--- Exercise prompt ---
Nothing but the lines from the one with "settle the balance." through the end of the data should be set down, each exactly as written, and no picture should be included.

[Extracted data entries]
------------------------

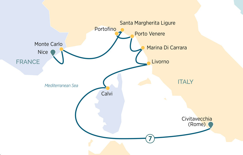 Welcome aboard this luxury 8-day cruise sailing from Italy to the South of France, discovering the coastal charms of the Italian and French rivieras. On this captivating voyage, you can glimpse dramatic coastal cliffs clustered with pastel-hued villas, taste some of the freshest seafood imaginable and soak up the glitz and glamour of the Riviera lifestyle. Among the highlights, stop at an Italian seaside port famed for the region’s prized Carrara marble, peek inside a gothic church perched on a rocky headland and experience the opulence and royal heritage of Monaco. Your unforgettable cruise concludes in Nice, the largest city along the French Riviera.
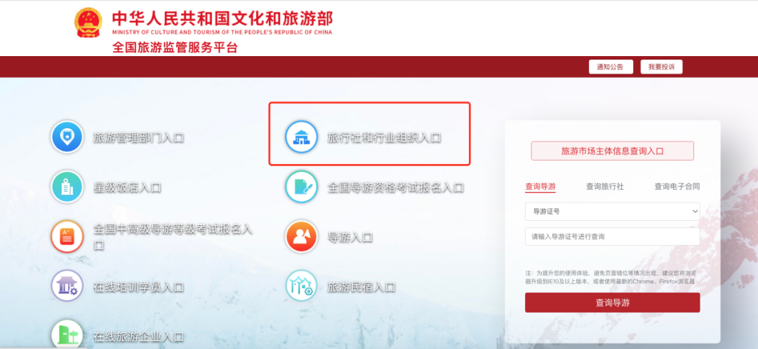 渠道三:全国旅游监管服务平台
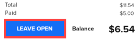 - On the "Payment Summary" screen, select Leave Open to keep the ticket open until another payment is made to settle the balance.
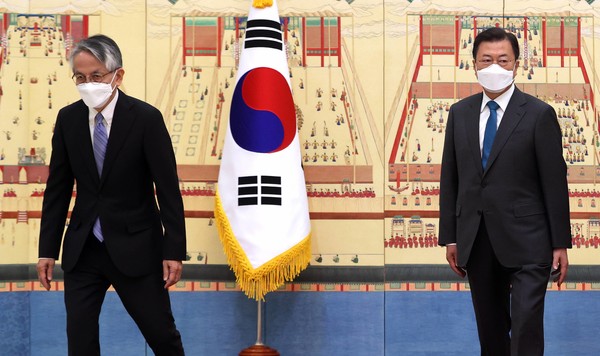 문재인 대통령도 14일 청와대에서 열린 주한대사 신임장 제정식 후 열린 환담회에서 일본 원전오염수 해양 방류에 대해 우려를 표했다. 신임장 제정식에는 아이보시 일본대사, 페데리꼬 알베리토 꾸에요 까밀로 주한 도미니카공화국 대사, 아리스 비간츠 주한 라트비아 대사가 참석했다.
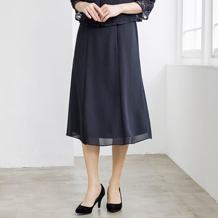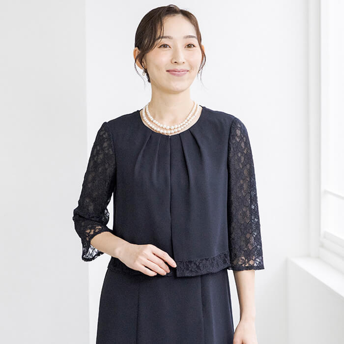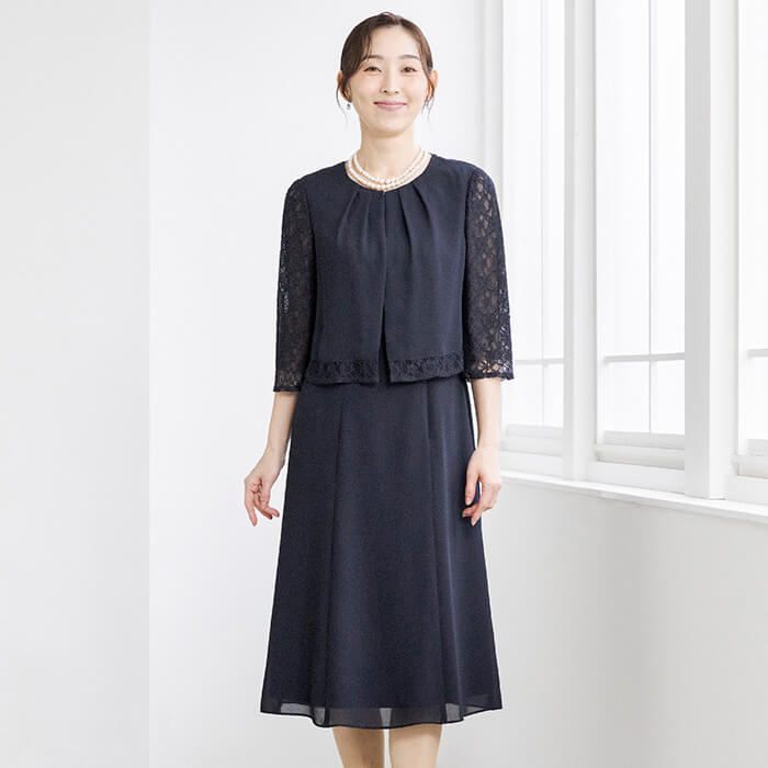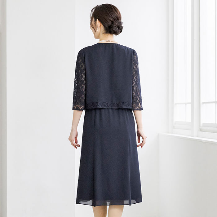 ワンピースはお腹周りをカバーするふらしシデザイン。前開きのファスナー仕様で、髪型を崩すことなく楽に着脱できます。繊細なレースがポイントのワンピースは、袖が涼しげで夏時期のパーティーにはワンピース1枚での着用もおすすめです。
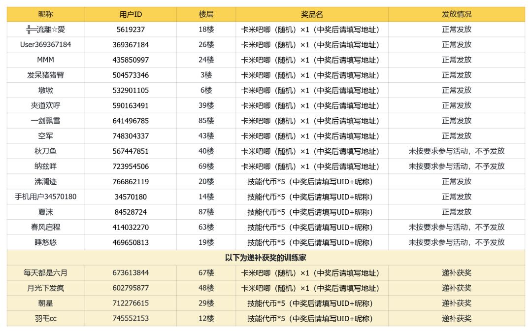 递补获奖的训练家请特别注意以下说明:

------------------------

--- Output for this exercise ---
 - On the "Payment Summary" screen, select Leave Open to keep the ticket open until another payment is made to settle the balance.
 문재인 대통령도 14일 청와대에서 열린 주한대사 신임장 제정식 후 열린 환담회에서 일본 원전오염수 해양 방류에 대해 우려를 표했다. 신임장 제정식에는 아이보시 일본대사, 페데리꼬 알베리토 꾸에요 까밀로 주한 도미니카공화국 대사, 아리스 비간츠 주한 라트비아 대사가 참석했다.
 ワンピースはお腹周りをカバーするふらしシデザイン。前開きのファスナー仕様で、髪型を崩すことなく楽に着脱できます。繊細なレースがポイントのワンピースは、袖が涼しげで夏時期のパーティーにはワンピース1枚での着用もおすすめです。
 递补获奖的训练家请特别注意以下说明:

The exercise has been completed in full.